Is a problem that arises when the causality between two factors can be in either direction.

Outliers

Can obscure the relationship between two factors by altering the direction adn the strength of an observed correlation. An outlier is a score that falls substantially above or below most other scores in a data set.

The restriction of range problem

This occurs when the range of data measure in a sample is restricted or smaller than the range of data in the general population. To avoid this problem, the direction and the strength of a significant correlation should only be generalized to a population within the limited range of measurements observed in the sample.

There are 4 measurements for ways in which we can describe the variability, what are these?

1. Range


2. Interquartile range


3. Variance


4. Standard deviation

Range

The easiest measurement, it is the range of scores that you get so the distance between the lowest and highest scores. Can only be calculated for variables that are at least ordinal because of the fact that a nominal variable does not have an order and you cannot calculate the rage.

Characteristics of the range

1. It is easy to understand.


2. It is informative because it tells us what the lowest and highest scores are.
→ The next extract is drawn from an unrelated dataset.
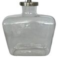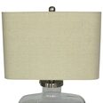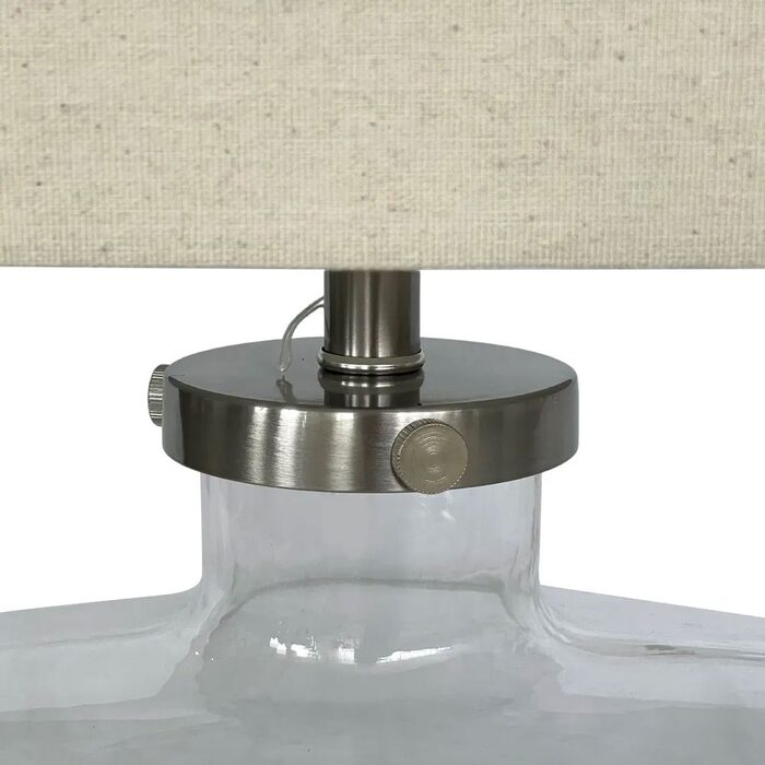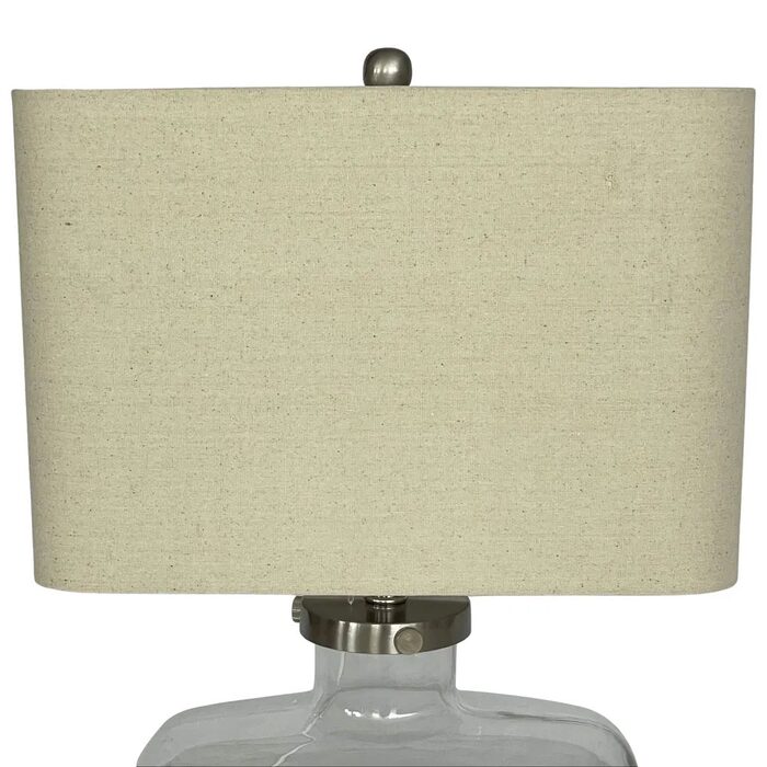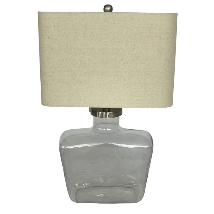 Its understated look includes a modern clear glass base with polished metal accents, and a coordinating shade.

3. It is very responsive to outliers . Because it simply looks at the lowest and highest scores. So it can be that you add one outlier that the range becomes much much higher then it was before.

Interquartile range

It has to do with the median, the thing is when you have the median you can also calculate the 25th and 75th percentile. It is useful because it tells you something about the middle group. You can visualize the IQR with a boxplot, with this you can show the range and the IQR. It can only be calculated for variables that are at least ordinal because of the fact that a nominal variable does not have an order and you cannot calculate an IQR because it does not have an order.

The formula for variance

Write it down.

Variance

Is a calculation that we use that is based on the sum of squares. It means that we are using the square distances from the mean. Variance is a little bit of a meaningless value, it becomes meaningless in comparison so if you are comparing different countries for example with each other then if you compare the variance it becomes meaningful. So then you can see that there is more variance arounm the mean. It allows for comparison.

How do you calculate a variance in a population?

1. Calculate all distances from the mean.


2. Square all these individual numbers.


3. You add these numbers together.


4. Divide it by the number of people on the population.

Standard deviation

This is the most complicated to calculate, it is a measure of variabilite. It is the average distance frome the mean. It is the square root of the variance. So basically if we have a mean in the distribution than the SD is how muhch people on avergae differ from the mean.

A normal distribution

Is a distribution that is symmetrical. Where one answers the most given answer, in these distribution the mean, median and mode are all the same. BUt skewed distribution, (ones that are not symmetrical) there is a difference between a mean, median and mode.

The mu sign

Is a population mean

sigma

Standard deviation in a population

M

Mean in a sample

s

SD in a sample

x

A specific score on a variable or a unit of analysis score on a variable.

Bivariate statistics

Statistics dealing with the correlation adn relation between two variables.

When we are building models based on theory we distinguish between two types of variables. What are these?

Independent variables and dependent variables.

Independent variables

The variables we expect to influence the other variables in the model. Referred to as X.

Dependent variables

The variables we expect to be influenced by at least one independent variable in the model. Referred to as Y.